Several points:
* Some of your test cases seem to be parsing from or serializing to files. This may be measuring file I/O performance more than it is measuring the respective serialization libraries. Even though you are using clock() to measure time, simply setting up file I/O operations involves syscalls and copying that could take some CPU time to execute. Try parsing from and serializing to in-memory buffers instead. For protocol buffers you should use ParseFromArray() and SerializeToArray() for maximum performance -- not sure if boost has equivalents.
* Your test generates different random data for the boost test vs. the protobuf test. For an accurate comparison, you really should use identical data.

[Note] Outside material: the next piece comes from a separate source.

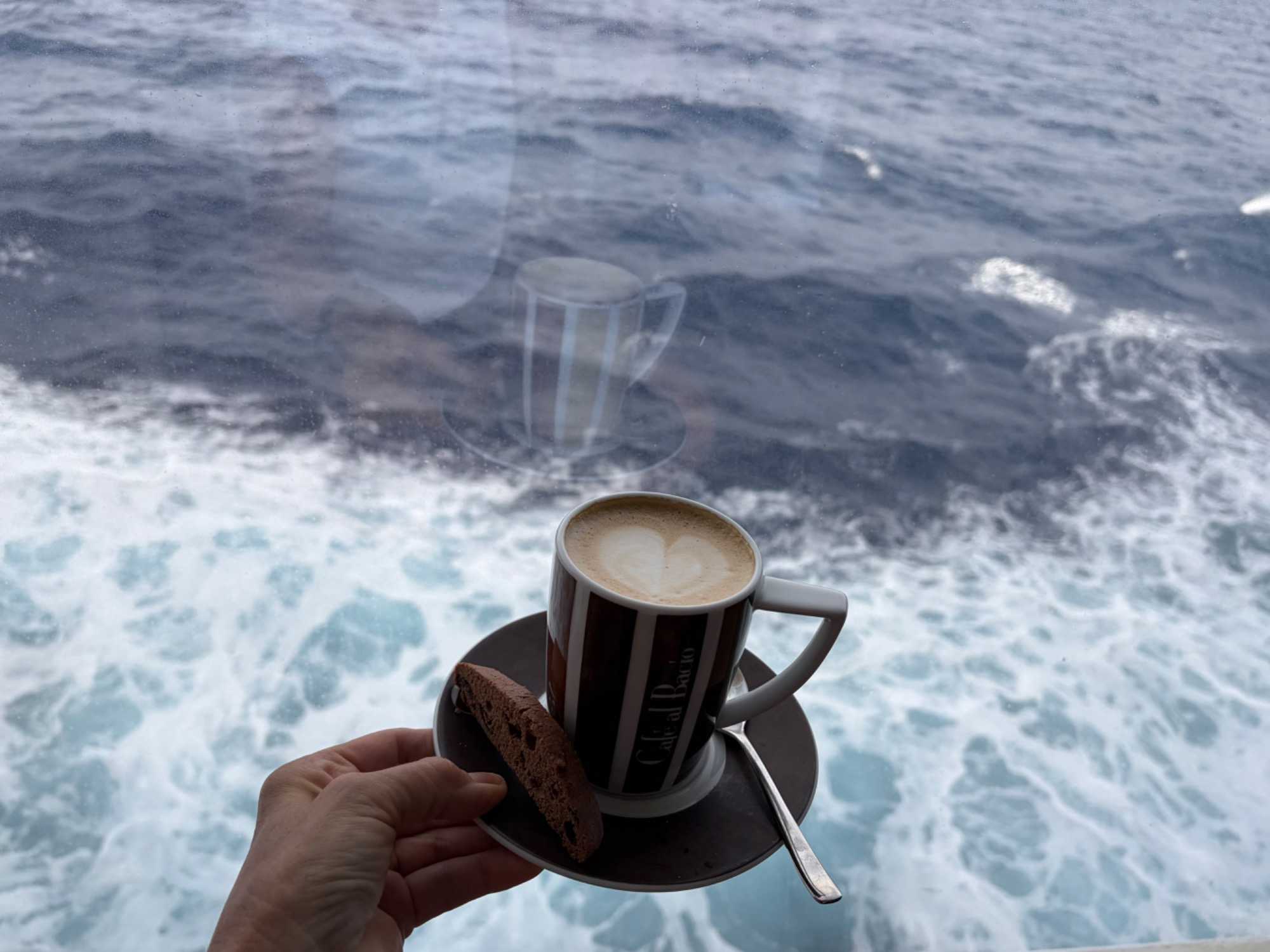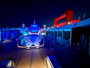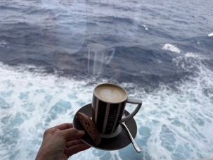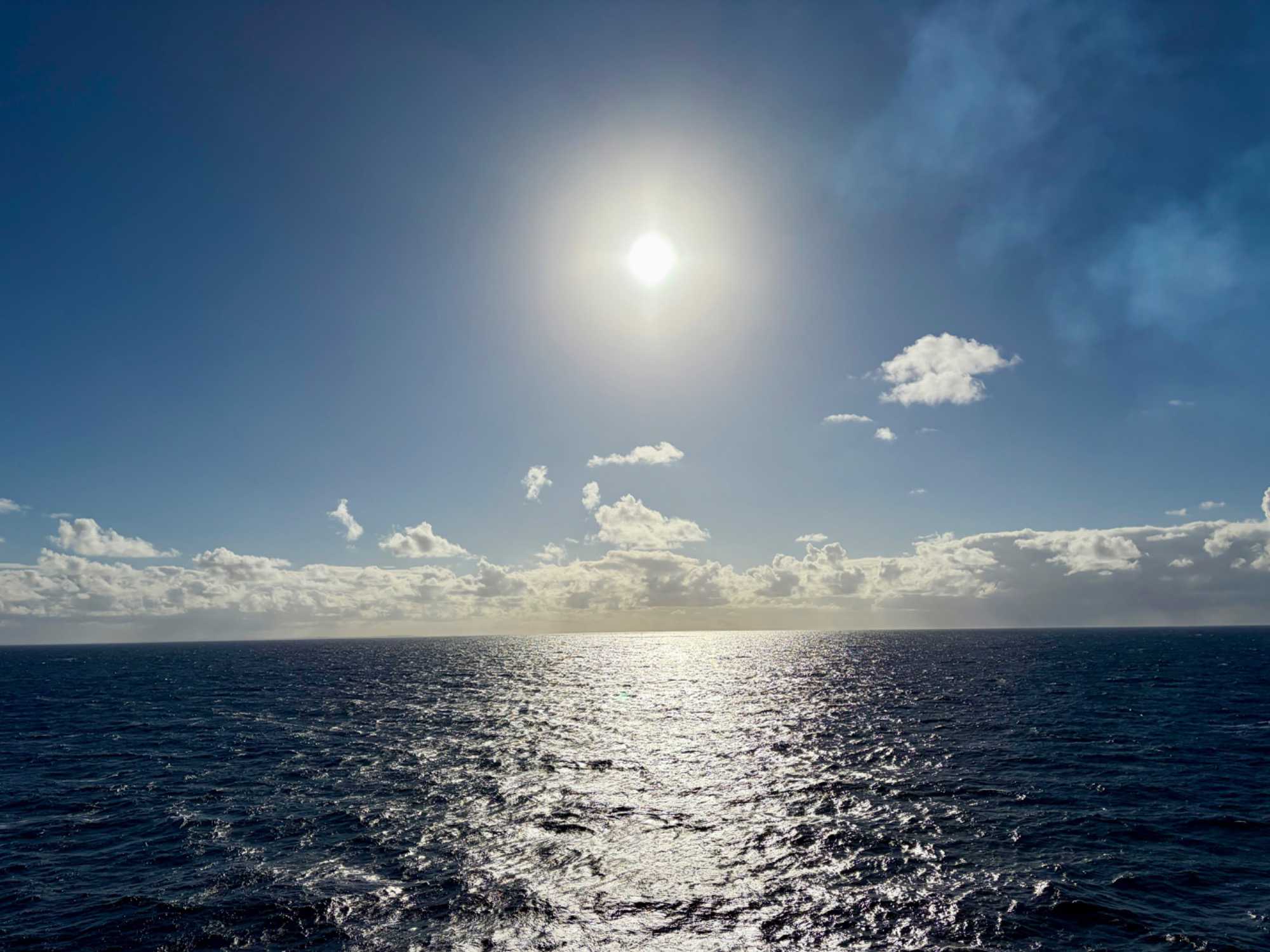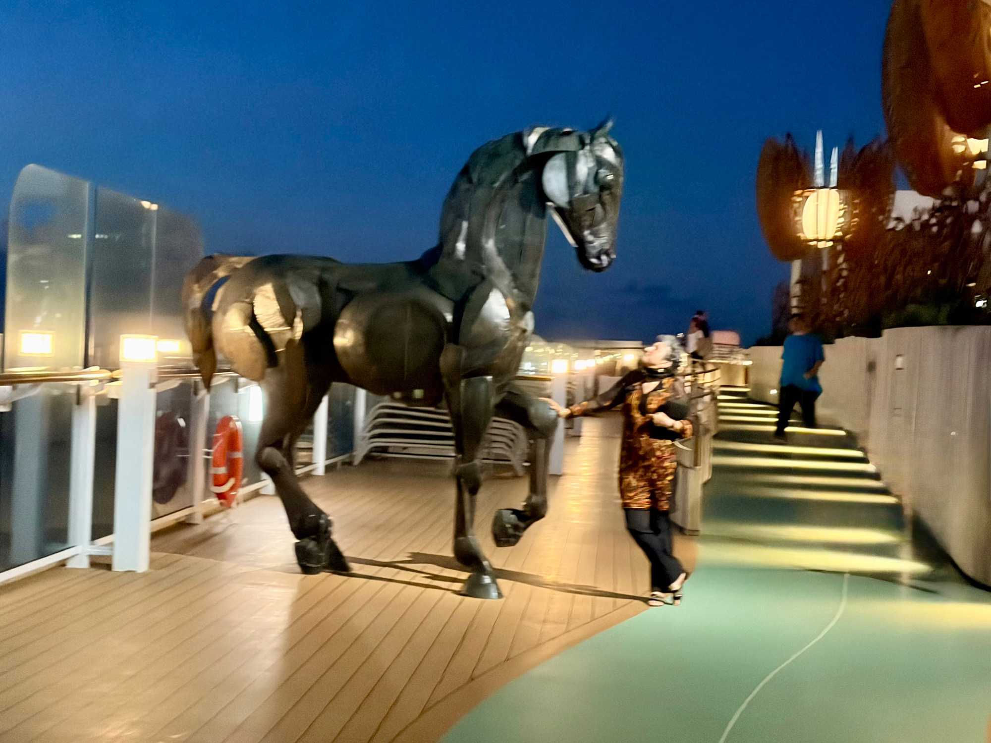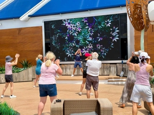 C’est notre dixième journée en mer et on s’habitue rapidement à ce rythme, ce laisser-aller, on se laisse volontiers voguer sur les flots bleus, après avoir eu un peu peur de la météo ce matin car tout était trempé sur les ponts à notre réveil, mais le soleil est réapparu au déjeuner et s’est envolé avec les gouttelettes d’eau. On profite de la vue des ponts supérieurs qui est magnifique. L’exploration en détails du navire, pour certains sur les ponts ou sur le bord de la piscine, visite hâtive aux bars pour ‘’expérimenter’’ les différents cocktails, marche active sur la piste de course du navire, lecture de bouquins personnels qu’on se promet de lire depuis des mois, jeux de cartes pour d’autres, tapis roulant pour etc., non mais quelle fierté pour une accompagnatrice d’avoir autant d’athlètes dans son groupe. À chacun sa discipline. Notre regard se tourne, et oh! il semble que ce soit un paquebot qui flotte au loin et là tout à coup, on se sent comme Rose et Jack sur le Titanic mais nous, sur le Celebrity Edge, on apprécie pleinement sa sécurité. Chacun saisi la liberté de cette journée pour découvrir ce luxueux navire.

* Finally, your test isn't a very interesting test case for protocol buffers. Parsing and serializing a lot of strings is going to be dominated by the performance of memcpy(). You might notice that the actual serialization step in your program takes much less time than even just populating the message object. It might be more interesting to try serializing a message involving many different fields of different types.
I think the reason parsing ends up being much slower than serialization for you is because it spends most of the time in malloc(), allocating strings. There are a few things you can do about this:
1) Reuse the same message object every time you parse. It will then reuse the same memory instead of allocating new memory.
2) Make sure you are not using a reference-counting string implementation. They are, ironically, very slow, due to the need for atomic operations.
3) Use Google's tcmalloc in place of your system's malloc. It is probably a lot faster.